*** Opening of Material for this exercise ***
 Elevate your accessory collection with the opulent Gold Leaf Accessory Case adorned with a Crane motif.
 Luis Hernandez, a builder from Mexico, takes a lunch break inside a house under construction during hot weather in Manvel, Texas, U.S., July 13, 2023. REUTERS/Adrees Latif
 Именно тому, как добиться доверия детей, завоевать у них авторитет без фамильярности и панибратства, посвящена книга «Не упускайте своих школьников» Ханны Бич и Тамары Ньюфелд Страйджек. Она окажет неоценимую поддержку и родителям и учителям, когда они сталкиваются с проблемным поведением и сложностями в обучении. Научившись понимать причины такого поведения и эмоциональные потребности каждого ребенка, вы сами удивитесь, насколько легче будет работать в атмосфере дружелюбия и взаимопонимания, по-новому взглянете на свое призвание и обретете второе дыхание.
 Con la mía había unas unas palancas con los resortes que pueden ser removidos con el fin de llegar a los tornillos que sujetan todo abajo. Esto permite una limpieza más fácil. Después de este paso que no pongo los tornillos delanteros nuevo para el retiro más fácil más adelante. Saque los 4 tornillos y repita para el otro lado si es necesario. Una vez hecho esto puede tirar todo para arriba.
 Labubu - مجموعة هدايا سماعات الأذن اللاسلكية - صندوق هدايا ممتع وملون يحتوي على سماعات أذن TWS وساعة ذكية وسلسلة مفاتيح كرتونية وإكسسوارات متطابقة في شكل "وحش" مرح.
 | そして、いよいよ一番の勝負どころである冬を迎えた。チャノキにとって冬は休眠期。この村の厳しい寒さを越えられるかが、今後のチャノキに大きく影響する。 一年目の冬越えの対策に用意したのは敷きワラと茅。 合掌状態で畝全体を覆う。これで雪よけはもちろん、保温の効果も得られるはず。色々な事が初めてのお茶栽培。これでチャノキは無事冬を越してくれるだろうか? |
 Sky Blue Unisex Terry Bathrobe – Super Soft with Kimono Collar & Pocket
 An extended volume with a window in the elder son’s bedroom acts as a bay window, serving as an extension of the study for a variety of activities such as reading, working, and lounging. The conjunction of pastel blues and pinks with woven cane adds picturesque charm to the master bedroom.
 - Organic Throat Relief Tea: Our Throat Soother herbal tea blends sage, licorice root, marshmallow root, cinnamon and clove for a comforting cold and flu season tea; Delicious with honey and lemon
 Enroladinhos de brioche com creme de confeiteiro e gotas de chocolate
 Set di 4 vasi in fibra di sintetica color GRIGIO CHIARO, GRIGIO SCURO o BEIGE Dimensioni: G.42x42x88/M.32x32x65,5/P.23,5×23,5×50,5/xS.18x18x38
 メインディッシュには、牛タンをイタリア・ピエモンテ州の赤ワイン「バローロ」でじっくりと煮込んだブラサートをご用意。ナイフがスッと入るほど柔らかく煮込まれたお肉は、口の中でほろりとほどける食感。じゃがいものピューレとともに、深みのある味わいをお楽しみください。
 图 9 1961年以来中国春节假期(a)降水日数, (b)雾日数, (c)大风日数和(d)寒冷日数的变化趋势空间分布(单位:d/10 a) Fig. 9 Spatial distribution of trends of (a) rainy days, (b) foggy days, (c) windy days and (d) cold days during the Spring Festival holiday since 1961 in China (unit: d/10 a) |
*** Close of Material for this exercise ***
**What you are asked to do**.
Identify the lines of the entries containing the string "with". Copy each such line.

**Response to this task**.
 Elevate your accessory collection with the opulent Gold Leaf Accessory Case adorned with a Crane motif.
 Sky Blue Unisex Terry Bathrobe – Super Soft with Kimono Collar & Pocket
 An extended volume with a window in the elder son’s bedroom acts as a bay window, serving as an extension of the study for a variety of activities such as reading, working, and lounging. The conjunction of pastel blues and pinks with woven cane adds picturesque charm to the master bedroom.
 - Organic Throat Relief Tea: Our Throat Soother herbal tea blends sage, licorice root, marshmallow root, cinnamon and clove for a comforting cold and flu season tea; Delicious with honey and lemon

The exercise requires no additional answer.